25 Sep 07
Originally posted by Doctor RatMoving the corners would make the mass more spherelike of course.
The short answer is [b]yes.
As long as the original center of mass does not change its position, and the value for the mass doesn't change, the original massive object (the orbitee, if you will) can change into any wild shape you can think of (with curves or lobes or perforations or hollow spaces) and an orbiting object will merrily continue in it ...[text shortened]... Center of Mass constant. In this last case, the orbiter would experience no perturbation.[/b]
It would still have mascons that would change the shape of the orbit, it would deviate from a perfect ellipse but is still stable at least in the short run. I am not sure what you call the resultant shape around a cubical planet but it would approach a square shape with rounded corners. It would not be an ellipse for sure. The points of the cube would attract the satellite downward, giving a velocity kick and it would therefore try to fly away from the center with a slightly greater velocity where the local gravitational attraction is less, then it would be drawn again to the next point of the square where it would again pick up velocty devitating from an elliptical shape being drawn downward and so forth with the results to be a more squarish orbit with rounded corners. Thats my take on it.
25 Sep 07
3 edits
Originally posted by sonhouseAs the orbiter travels near to one point of the cube, this point would attract the orbiter downward, but at the same time, the other points of the cube have rotated farther away and the orbiter is feeling less attraction from them, and by definition this has to balance out if the orbiter is orbiting around the Center of Mass... and remember, the orbit must be still be far enough away that all the points are inside our orbital sphere. If we are looking at an "orbit" which has a point of the cube rising up like a mountain near to the spaceship's side, then absolutely yes, the original orbit will be perturbed. This is why the pilot of the spaceship would have to move the orbit farther out until no part of the cube rises out beyond the orbital shell. That's what the first post in this interesting thread is presenting to us.

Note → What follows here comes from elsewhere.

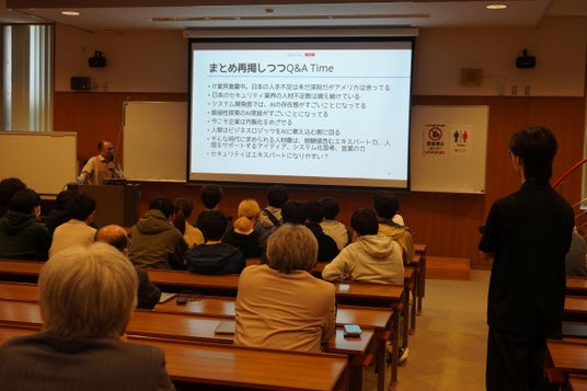 NICTナショナルサイバートレーニングセンター長園田氏の講演/学生との質疑応答の様子

Moving the corners would make the mass more spherelike of course.
It would still have mascons that would change the shape of the orbit, it would deviate from a perfect ellipse but is still stable at least in the short run. I am not sure what you call the resultant shape around a cubical planet but it would approach a square shape with rounded corners. It ...[text shortened]... so forth with the results to be a more squarish orbit with rounded corners. Thats my take on it.
25 Sep 07
Originally posted by Doctor RatIn my more extreme example, with the rod of equal mass to the earth, say we have two different orbits around a sphere which is larger than the rod. One orbit has the rod as its axis, the other passes close to the ends of the rod.
As the orbiter travels near to one point of the cube, this point would attract the orbiter downward, but at the same time, the other points of the cube have rotated farther away and the orbiter is feeling less attraction from them, and by definition this has to balance out if the orbiter is orbiting around the Center of Mass... and remember, the orbit mus ...[text shortened]... he orbital shell. That's what the first post in this interesting thread is presenting to us.
When the ship is above one end of the rod, ALL of the gravitational pull of the mass is directed straight down, because ALL of the mass is directly below the ship. When the ship is halfway between ends on its orbit, the gravitational pull of the mass is lessened, because there is some gravitational pull from each of the ends which cancels the other out, and some that adds together to pull downward. This is a result of vector addition. Therefore, you cannot have the same orbit around the center of mass, regardless of distribution of matter. A successful orbit around the "poles" of the rod would look different than one around the "equator".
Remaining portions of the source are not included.